You’re a professor of European history. How does this inform your writing? Do your studies inspire your romances?
Yes, always. The history I read inspires every novel I write, plots and characters and settings and all. My comfort with archives, historical literature, and travel to historical sites gives me rich material with which to fashion my stories. And I find that teaching history, or simply sitting in a scholarly colloquium or workshop on campus, feeds my imagination—whatever the specific topic. My academic life nourishes me and I think it makes me a better novelist.

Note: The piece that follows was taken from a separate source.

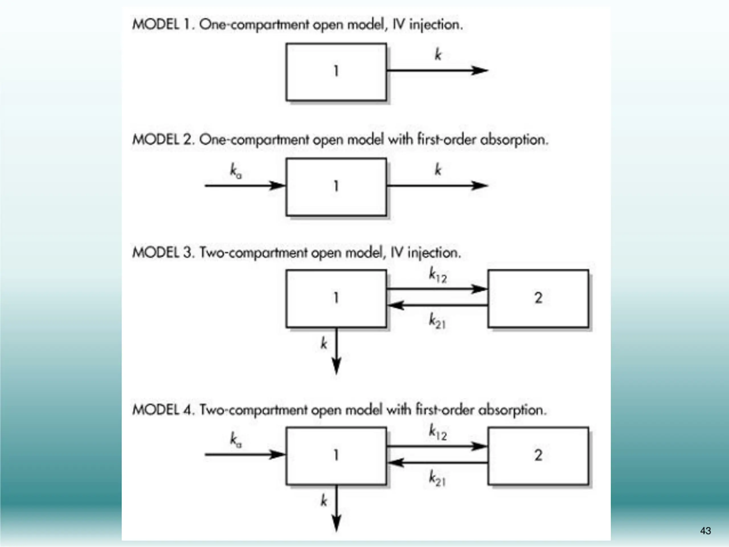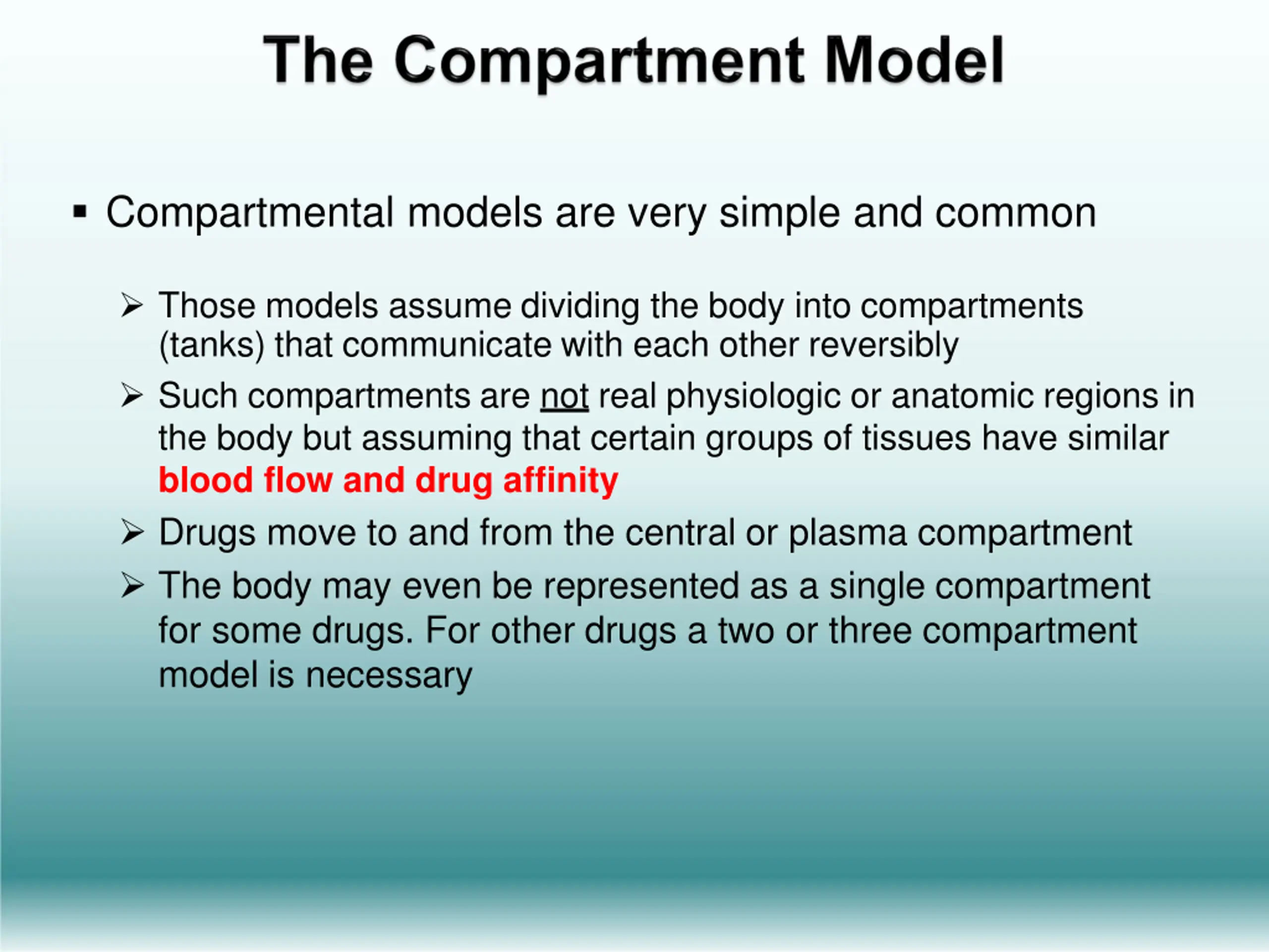 Compartmental models are very simple and common Those models assume dividing the body into compartments (tanks) that communicate with each other reversibly Such compartments are not real physiologic or anatomic regions in the body but assuming that certain groups of tissues have similar blood flow and drug affinity Drugs move to and from the central or plasma compartment The body may even be represented as a single compartment for some drugs. For other drugs a two or three compartment model is necessary

What’s the greatest love story in history, in your professorial opinion?
Romeo and Juliet. A tragedy! But it’s not so much the ending as the profound intensity of the love that pummels my heart (in a good way!). I’m also very fond of the incredibly romantic tale of Tristan and Iseult; I used it prominently in my novel I Loved a Rogue and my novella A Lady’s Wish. Now, if you’re asking about the greatest love story in real history—Maria Skłodowska and Pierre Curie. She was a physicist and chemist, studying in France but dreaming of returning to her native Poland to teach. She was so brilliant and he respected that brilliance so much, and was so enamored of her, that he was willing to give up his own successful career in science and settle for teaching French in Poland if she would marry him. Ultimately, the university in Poland wouldn’t allow a woman to teach, so the couple remained in France where she became “Marie” Curie. She was the first woman ever to receive a Nobel Prize. It’s real heroines like her, and the men who loved, respected and supported them—in eras that didn’t typically respect women’s brilliance and accomplishments—that inspired the The Earl.

What’s next for you?
A dark Scottish duke is hiding a scandalous secret in his Highland castle. I’m currently in the process of helping a whip-smart English lady make it very hard for him to hide it for much longer. The Duke is the follow up to The Earl, the next in my Devil’s Duke series. 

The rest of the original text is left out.